Notice that commented-out line.  I'm writing these instructions in the sequence needed for a singe-node cluster, since that is the more interesting case.  If you are impatient and want to just see the demo running without a cluster, or if you have attempted to get a cluster running and want to back off to the simpler non-clustered environment, you can do this:

Shortcut for the impatient or frustrated:

  • Comment out the cluster_single line in jamHadoopEnv.
  • Uncomment the cluster_none line in jamHadoopEnv.
  • Jump down to the hdfs format step and do that one command.
  • Jump to the demo application step, make it, then run the go command, which will pick up the cluster_none setting.

That should give you the same output as discussed below, but it's really just running as a Java application, versus some type of node configuration.  Now, back to the single-node instructions...

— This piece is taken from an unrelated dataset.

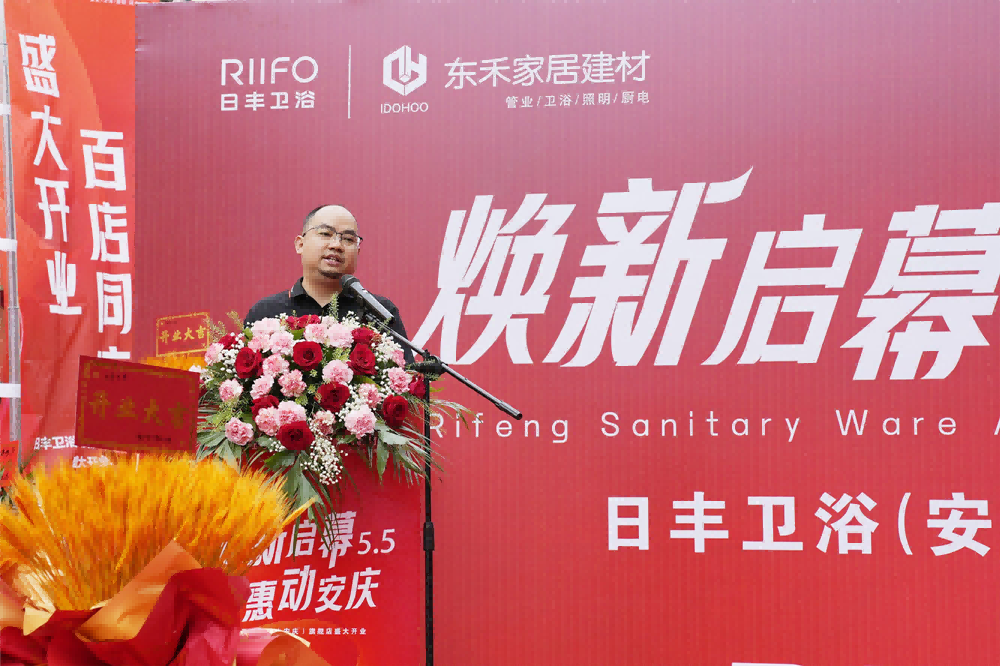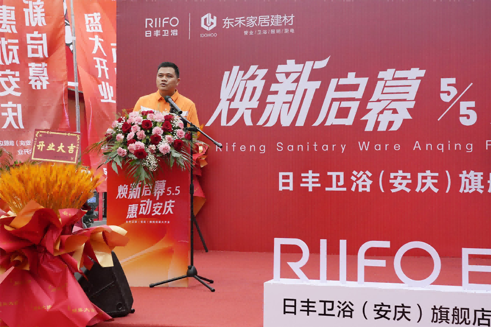 日丰卫浴华东大区经理陈煜对日丰卫浴安庆旗舰店开业表示热烈祝贺:日丰企业一直贯彻以客户为中心的服务理念,日丰卫浴旗舰店是一个对外展示用户交流的窗口,它的落成将为日丰卫浴在安庆地区的用户洞察、用户服务开启新篇章。

Study the Configuration Directory

The blessing and curse of using my scripts is that you could easily miss something important because I've done it for you.  Such is the case right here--stop for a moment and go into the cluster_single directory.  Study each script carefully.  Take some time to visit the Hadoop site and read about what is in those configuration files from the software documentation:

http://hadoop.apache.org/docs/r2.0.3-alpha/

The configuration links are on the left side, toward the bottom.  The links have the name of the XML file in them.  Again, review and learn.  There is power here.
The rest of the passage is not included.